In this Research Topic, readers will find studies that compare the responses of seagrasses to single and combined stressors in their environment and their interactions through multi-stressor laboratory experiments, field studies, and spatial-temporal modeling, ranging from the cellular level (Nguyen, Yadav et al.) to ecosystem processes (e.g., Helber, Procaccini et al.; Helber, Winters et al.).

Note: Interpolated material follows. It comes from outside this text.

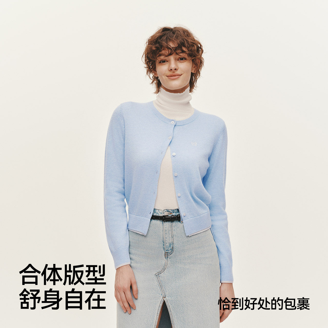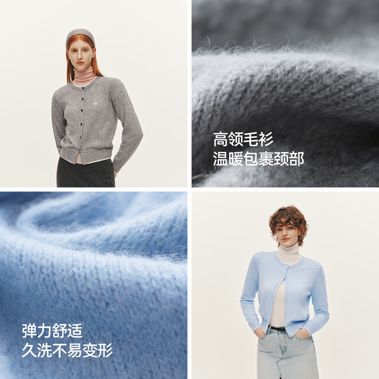 森马针织开衫女短款假两件圆领显瘦2025冬新款刺绣含羊毛毛衫气质
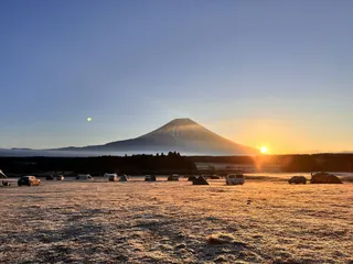 おはようおはよう朝トイレに行った時は全体が雲に覆われていたのに日の出に合わせて晴れてくれましたさすが富士山 外でコーヒー飲みたいが薪が切れて焚き火出来ないこういう時簡易ヒーターがあるといいのか

We are particularly happy to see the diversity of the seagrass studies presented here. This includes:

1. Species diversity (Figure 1): While research efforts have traditionally focused on native (usually temperate; blue bars in Figure 1) “flagship” seagrass species (e.g., Posidonia oceanica, P. australis, Zostera marina, Z. muelleri), this collection includes studies on a total of 13 different seagrass species, and a large proportion of the publications here are on tropical seagrass species (Thalassia, Halophila, Cymodocea, Enhalus; red bars in Figure 1).

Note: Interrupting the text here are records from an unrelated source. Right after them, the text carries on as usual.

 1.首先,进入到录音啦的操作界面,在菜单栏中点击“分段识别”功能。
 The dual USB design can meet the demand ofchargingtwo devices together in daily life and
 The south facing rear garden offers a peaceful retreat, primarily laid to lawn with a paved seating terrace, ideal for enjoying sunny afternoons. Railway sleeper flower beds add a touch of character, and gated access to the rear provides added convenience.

2. Study type (Figure 2): Although this is a collection of only 17 publications focused on studying seagrass under changing times, this collection represents a diverse group of types of studies. The number of experimental studies (~60% of studies in this issue) goes to show that we have gone way beyond just documenting the loss of seagrasses, and much effort is going into understanding the mechanisms and improving our ability to predict changes.

FIGURE 1

Figure 1. The number of species that were studied in this issue. Blue and red bars represent temperate and tropical species, respectively.

FIGURE 2

Figure 2. The types of studies that were published in this issue.

Mesocosm simulations (i.e., single or multi-stressor experiments under controlled laboratory conditions) account for half the studies (Artika et al.; Fang et al.; Lowell et al.; Nguyen, kim et al.; Nguyen, Yadav et al.; Premarathne et al.; Viana et al.). These mesocosms allowed authors to study seagrass responses under the combination of thermal and nutrient stress much more realistic scenarios than previous efforts that focused usually only on one stressor. In addition to the use of mesocosms, we present here papers using modeling (Beca-Carretero et al.; Rock and Daru), in situ nutrient manipulations (Helber, Procaccini et al.; Helber, Winters et al.), field surveys (Bertelli et al.; Duffin et al.; Gu et al.), and reviews of historical data (Green et al.; Winters et al.) that have identified gaps of knowledge that can direct future efforts (Rock and Daru; Winters et al.). While molecular studies have emerged as “standard use” in recent years, at least in the field of seagrasses, epigenetics is rather a new field (Jueterbock et al.; Nguyen, kim et al.), and the early exposure of seeds to ocean acidification (Lowell et al.) offers some practical potential in the field of restoration. Studies also include some promising new methods such as thermal priming (Nguyen, kim et al.) that offer some future potential in active restoration efforts (e.g., “super seagrasses”).

As the word cloud (Figure 3) shows, we still have many topics which at least in this issue, did not get enough attention (i.e., the small-sized words).

FIGURE 3

Figure 3. A word cloud representing the 4 prominent keywords used by each one of the 17 studies. The size of font/word is in relation to the number of times that term/word was repeated. We realize that some words are related/similar, but this is because of the word choice is made by a paper's authors, and thus thought all original words should be included as is.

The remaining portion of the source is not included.